Efficient Multimodal Neural Networks for Trigger-less Voice Assistants

Sai Srujana Buddi,Utkarsh Oggy Sarawgi,Tashweena Heeramun,Karan Sawnhey,Ed Yanosik,Saravana Rathinam,Saurabh Adya
2023-05-20
Abstract:The adoption of multimodal interactions by Voice Assistants (VAs) is growing rapidly to enhance human-computer interactions. Smartwatches have now incorporated trigger-less methods of invoking VAs, such as Raise To Speak (RTS), where the user raises their watch and speaks to VAs without an explicit trigger. Current state-of-the-art RTS systems rely on heuristics and engineered Finite State Machines to fuse gesture and audio data for multimodal decision-making. However, these methods have limitations, including limited adaptability, scalability, and induced human biases.

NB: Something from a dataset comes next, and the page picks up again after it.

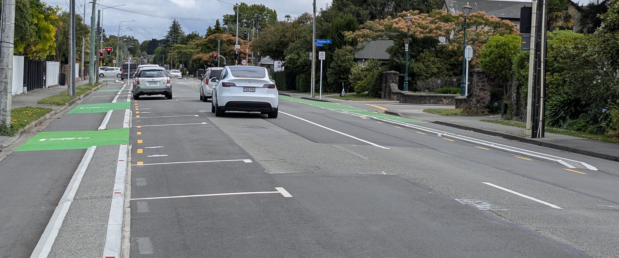 Approaching Wairakei Rd, things get interesting as a signalised crossing provides a safe way for cyclists and pedestrians to get across this busy road.

In this work, we propose a neural network based audio-gesture multimodal fusion system that (1) Better understands temporal correlation between audio and gesture data, leading to precise invocations (2) Generalizes to a wide range of environments and scenarios (3) Is lightweight and deployable on low-power devices, such as smartwatches, with quick launch times (4) Improves productivity in asset development processes.

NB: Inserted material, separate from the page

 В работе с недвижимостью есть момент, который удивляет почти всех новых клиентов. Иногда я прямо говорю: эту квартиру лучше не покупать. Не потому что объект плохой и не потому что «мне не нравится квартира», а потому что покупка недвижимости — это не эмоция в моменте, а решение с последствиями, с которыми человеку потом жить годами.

Machine Learning,Human-Computer Interaction
What problem does this paper attempt to address?
The problem that this paper attempts to solve is to improve the invocation accuracy and efficiency of Voice Assistants (VAs) without trigger words on smart watches. Specifically, the paper focuses on improving the Raise To Speak (RTS) function through multimodal fusion technology, that is, combining gesture and audio data. Existing RTS systems mainly rely on heuristic methods and designed artificial Finite State Machines (FSMs) to fuse gesture and audio data for decision - making, but these methods have limitations such as poor adaptability, insufficient scalability, and introducing human - made biases. Therefore, the paper proposes a neural - network - based multimodal fusion system, aiming at: 1. **Better understanding the temporal correlation between audio and gesture data**, so as to achieve more accurate invocation. 2. **Generalizing to a wide range of environments and scenarios**, improving the adaptability and robustness of the system. 3. **Being lightweight and suitable for deployment on low - power - consumption devices (such as smart watches)**, with a fast startup time. 4. **Improving productivity in the asset development process**, simplifying the complexity of system design. To achieve the above goals, the paper proposes a lightweight Gated Recurrent Unit (GRU) network named Neural Policy, which is used to integrate voice and gesture signals and make a binary decision on whether to trigger RTS. This method adopts a late - fusion strategy, processing the voice and gesture modalities separately before fusion, in order to cope with the resource limitations of low - power - consumption devices. Experimental results show that this method has a significant reduction in False Rejection Rate (FRR) and False Acceptance Rate (FAR) compared with existing methods, while maintaining low computational resource consumption and a fast response time.